__THE PROBLEM__: Output the data verbatim, minus the images.

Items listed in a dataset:

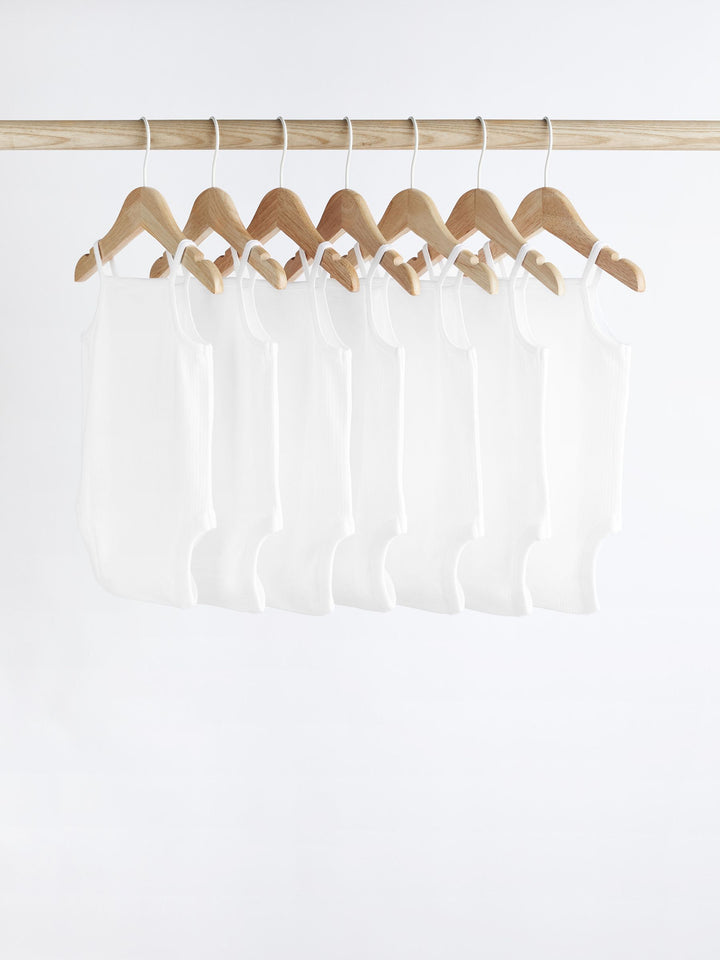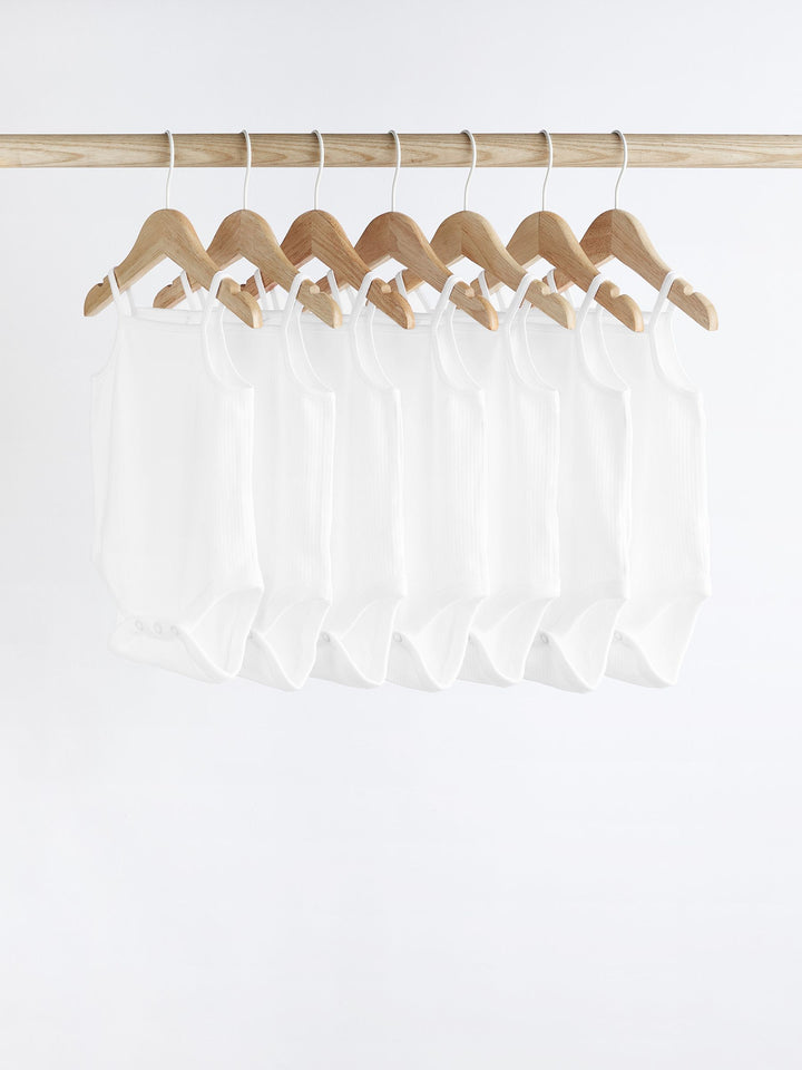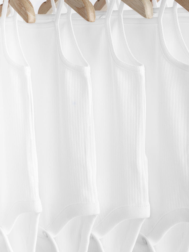 This handy and comfortable multipack of strappy baby bodysuits are the perfect addition to their warm weather wardrobe. Free from harmful dyes or chemicals and designed in supersoft and breathable cotton. The big useful pack is a must for easy rotation. 7 pack baby bodysuits Strappy design Soft and breathable cotton Free from harmful dyes Machine washable. 7 x Bodysuit 100% Cotton. Country of Origin: Bangladesh Warning: Keep away from fire and flames.
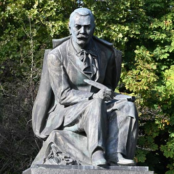 | A bronze statue of Pavol Országh Hviezdoslav, a prominent Slovak poet, dramatist, and translator. The sculpture depicts him seated, wearing formal attire with a long coat, and holding a book or papers in his lap, symbolising his literary contributions. Such statues are often found in public squares or parks in Slovakia, particularly in Bratislava, where Hviezdoslav is celebrated as one of the most important figures in Slovak literature. His works are known for their rich language and deep engagement with Slovak national identity. |
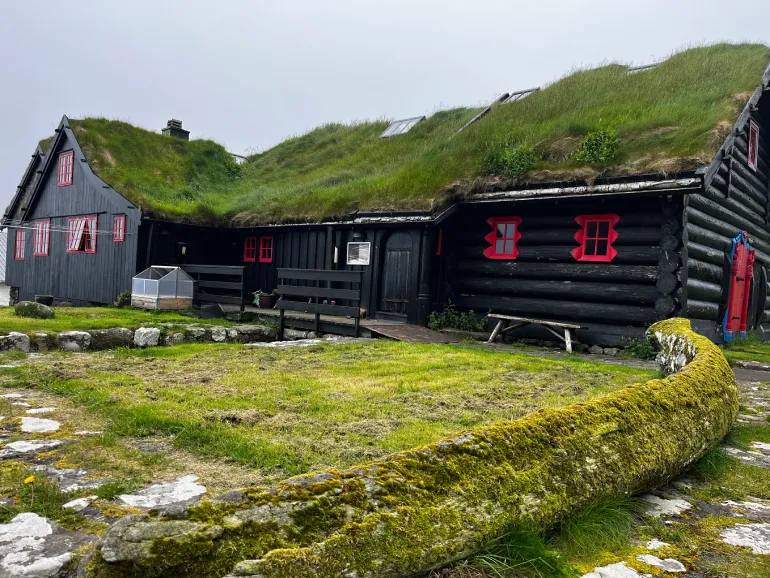 Kirkjubour, na ilha de Streymoy, é o mais antigo e histórico dos povoados Faroenses. Ali, entre ruínas medievais e casas seculares, a grama cobre os telhados como um manto vivo, espelhando um passado longínquo.
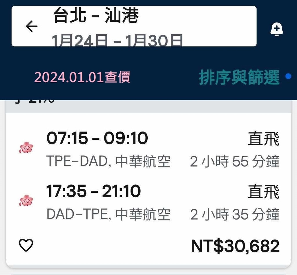 元旦那天在Skyscanner看到我們的華航航班竟然要價3萬!這真的是1個人的價格!嚇死了!
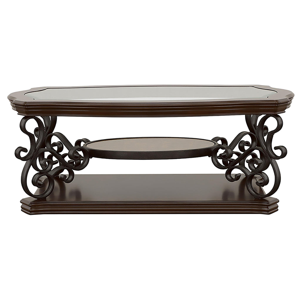 • Coffee table with a clear tempered glass top for a sleek and durable surface
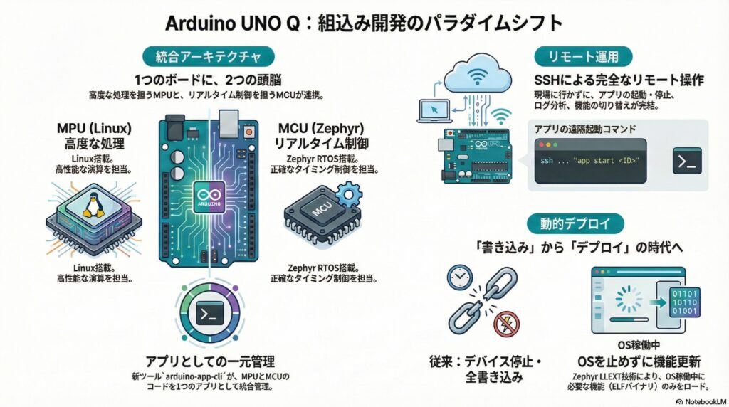 …という系になります。Zephyr系コアではスケッチをELFとして動的ロードする仕組みが説明されていますが、それをUNO Qで“SSHからどう操作するか”は、App Lab の管理経路に載っているかどうかで手段が変わります。 (Arduino Blog)
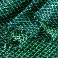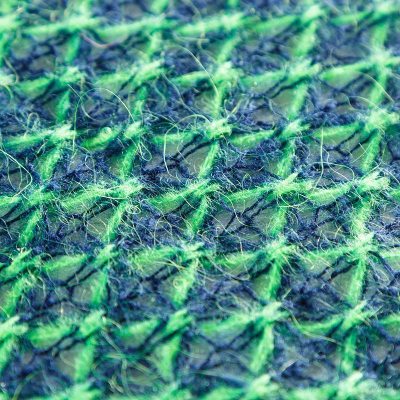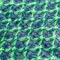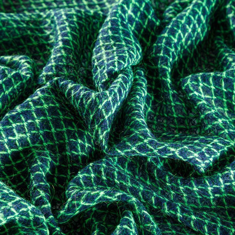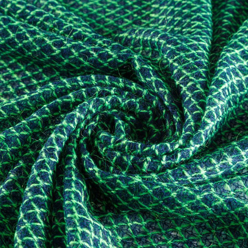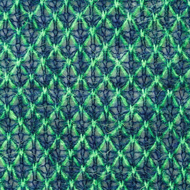 Итальянский шерстяной ажурный вязаный трикотаж темно-синего цвета декорирован яркой зеленой нитью, которая имитирует сетку. Полотно очень легкое, мягкое, воздушное, не колется, прозрачное за счет плетения, может потребоваться подклад. Идеально подойдет для пошива водолазки, свитера, платья, кардигана, а также для шарфа, снуда.
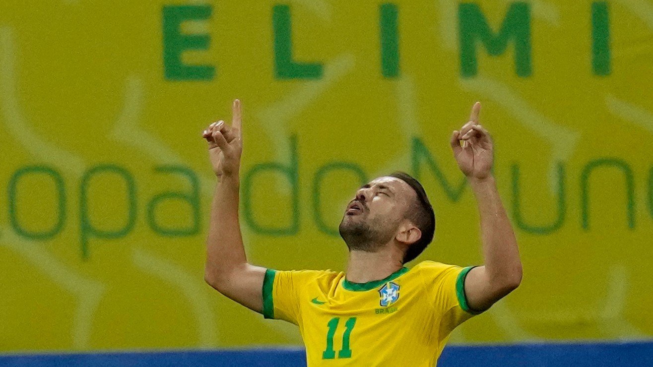 Everton Ribeiro festeja un gol para Brasil en 2021. Crédito: Andre Penner | AP

__FINISHED TASK__:
 This handy and comfortable multipack of strappy baby bodysuits are the perfect addition to their warm weather wardrobe. Free from harmful dyes or chemicals and designed in supersoft and breathable cotton. The big useful pack is a must for easy rotation. 7 pack baby bodysuits Strappy design Soft and breathable cotton Free from harmful dyes Machine washable. 7 x Bodysuit 100% Cotton. Country of Origin: Bangladesh Warning: Keep away from fire and flames.
 | A bronze statue of Pavol Országh Hviezdoslav, a prominent Slovak poet, dramatist, and translator. The sculpture depicts him seated, wearing formal attire with a long coat, and holding a book or papers in his lap, symbolising his literary contributions. Such statues are often found in public squares or parks in Slovakia, particularly in Bratislava, where Hviezdoslav is celebrated as one of the most important figures in Slovak literature. His works are known for their rich language and deep engagement with Slovak national identity. |
 Kirkjubour, na ilha de Streymoy, é o mais antigo e histórico dos povoados Faroenses. Ali, entre ruínas medievais e casas seculares, a grama cobre os telhados como um manto vivo, espelhando um passado longínquo.
 元旦那天在Skyscanner看到我們的華航航班竟然要價3萬!這真的是1個人的價格!嚇死了!
 • Coffee table with a clear tempered glass top for a sleek and durable surface
 …という系になります。Zephyr系コアではスケッチをELFとして動的ロードする仕組みが説明されていますが、それをUNO Qで“SSHからどう操作するか”は、App Lab の管理経路に載っているかどうかで手段が変わります。 (Arduino Blog)
 Итальянский шерстяной ажурный вязаный трикотаж темно-синего цвета декорирован яркой зеленой нитью, которая имитирует сетку. Полотно очень легкое, мягкое, воздушное, не колется, прозрачное за счет плетения, может потребоваться подклад. Идеально подойдет для пошива водолазки, свитера, платья, кардигана, а также для шарфа, снуда.
 Everton Ribeiro festeja un gol para Brasil en 2021. Crédito: Andre Penner | AP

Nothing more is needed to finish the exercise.